In 1000, Venice saw its position strengthened even more on the Adriatic Sea thanks to the conquest of the region of Dalmacia. Subsequently, in the High Middle Ages, its commercial power also increased considerably in the Black Sea and in Syria, as it extended its commercial control over the eastern routes, in particular during the Crusades, thus converting itself into a maritime city par excellence. From the year 1100, Venice represented a great Mediterranean power, and offered the services of its fleet to the Byzantine Empire.

Finally Venice freed itself from the tutelage of the decadent Byzantine emperor in 1203 during the fourth Crusade, when the Venetian soldiers attacked and conquered Constantinople. The Venetian soldiers returned from the East, bringing with them riches that they had plundered, and which can still be admired in the church of San Marcos, amongst others, precious marbles, sculptures, etc. After the conquest of Constantinople, Venice managed to extend its supremacy, thus creating a large colonial empire.

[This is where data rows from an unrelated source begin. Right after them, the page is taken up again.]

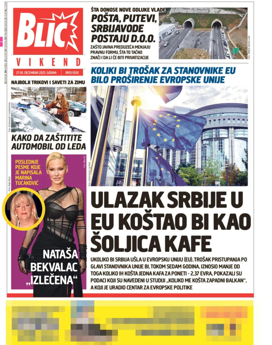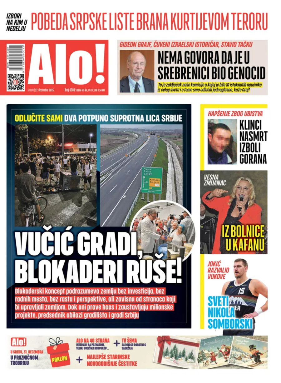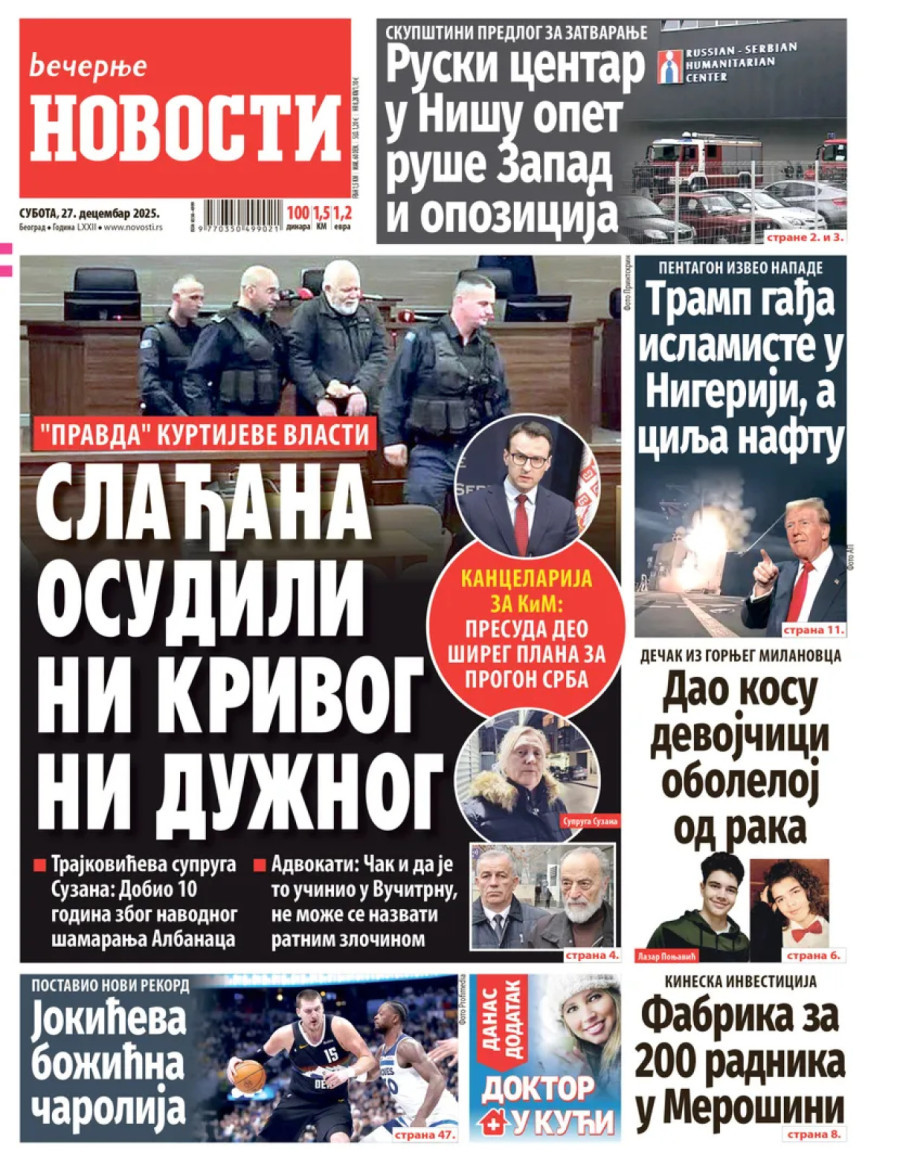 Dnevne novine u Srbiji za subotu, 27. decembar 2025. godine na naslovnim stranama najavljuju brojne aktuelne društveno-političke teme i donose eksluzivne priče.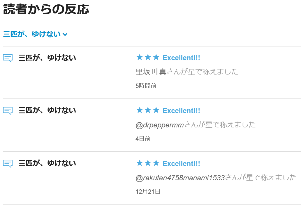 『三匹が、ゆけない』に★を頂戴いたしました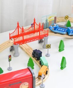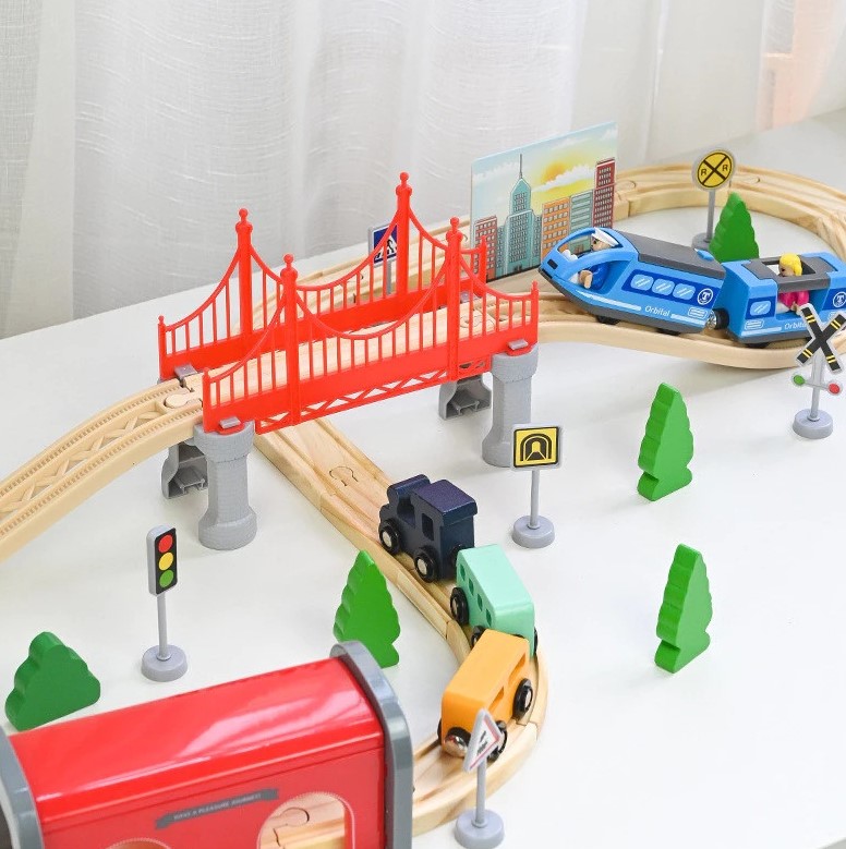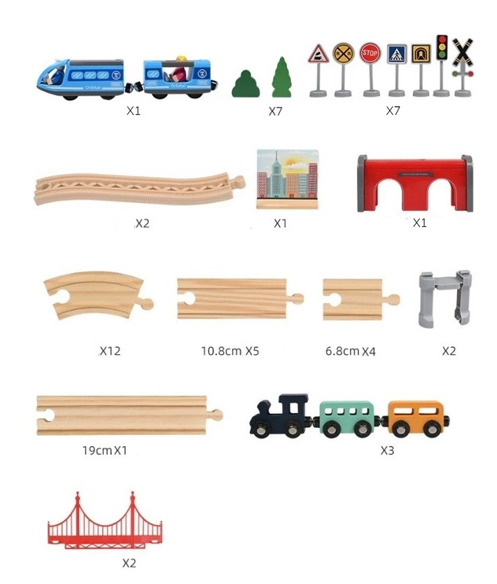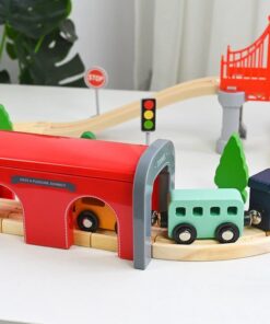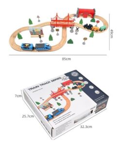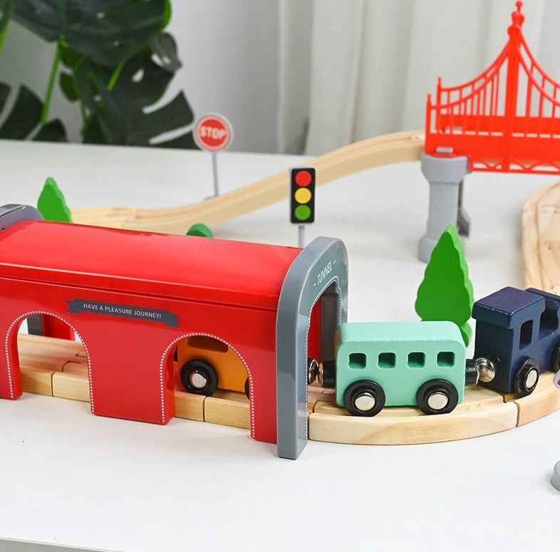 Elemente incluse: șine de lemn, trenulețe cu vagoane magnetice, pod suspendat, tunel, copaci, semne de circulație, clădiri și accesorii

In 1410, Venice was the great military, commercial and political power of the Veneto region, thanks to its powerful fleet which maintained an active trade with the whole of the Mediterranean and extended its network of commercial contacts across the whole of Europe and the Middle East, from England as far as Egypt; thanks also to the high number of inhabitants it had at that time, in the region of 100.000.

Its government and its organisations operated according to principles of internal and external justice. Its symbol remains represented on the facade of the Palacio Ducal by the sword and the scales.

The government of Venice was called “Serenísima Signoria” and consisted of the Doge, el dux, whose mission was to guarantee the respect of the law and the proper organisation of the government, el “Maggior Consiglio” (Great Council), made up of 2000 members whose main task was to write the laws, the Senate which was responsible for foreign affairs and economic and military affairs, “L' Avogadoria de Comùn” (Magistracy, made up of three members), which was responsible for protecting the interests of the patrician families in Venice and guaranteeing the respect of the law , and la Quarantia, or Supreme Tribunal.

Venice went through a period of great magnificence in the 15th century, a period when churches and palaces, mainly in the gothic style, were built. Venice gained international fame thanks to its production of precious fabrics made of silk which came from the east, and also thanks to its lace, jewellery, and garments, which were admired by the royal families in Europe. It was also a period of magnificence in the domain of the arts. Sculpture, painting, theatre, poetry, music, and other art forms endowed Venice with eternal beauty. Objects made of glass, produced on the famous island of Murano were very important for its exports, and still are to this day. Because of its magnificence and economic prosperity, Venice was a military target coveted by several countries, amongst which France, Spain and Turkey, which conquered Constantinople in 1453.

The arrival of Christopher Columbus in the Americas in 1492 heralded the decline of trade for the Venetian Republic because of the discovery of new commercial routes that then became controlled by the Portuguese, Dutch and English.  Also contributing to the decline of Venice was the rapid growth of Genoa, which competed commercially with Venice, and the peace treaty of Cateau-Cambrèsis (1559), which recognised the supremacy of Spain over Italian territories. After that an excessively conservative government also contributed to its decline, but in spite of it all, Venice maintained its independence until 1797 when Napoleon signed the treaty of Capo Formio and handed over Venice to the Austro-Hungarian Empire in exchange for Milan. Venice was finally incorporated into the Kingdom of Italy in 1866 with the third war of independence.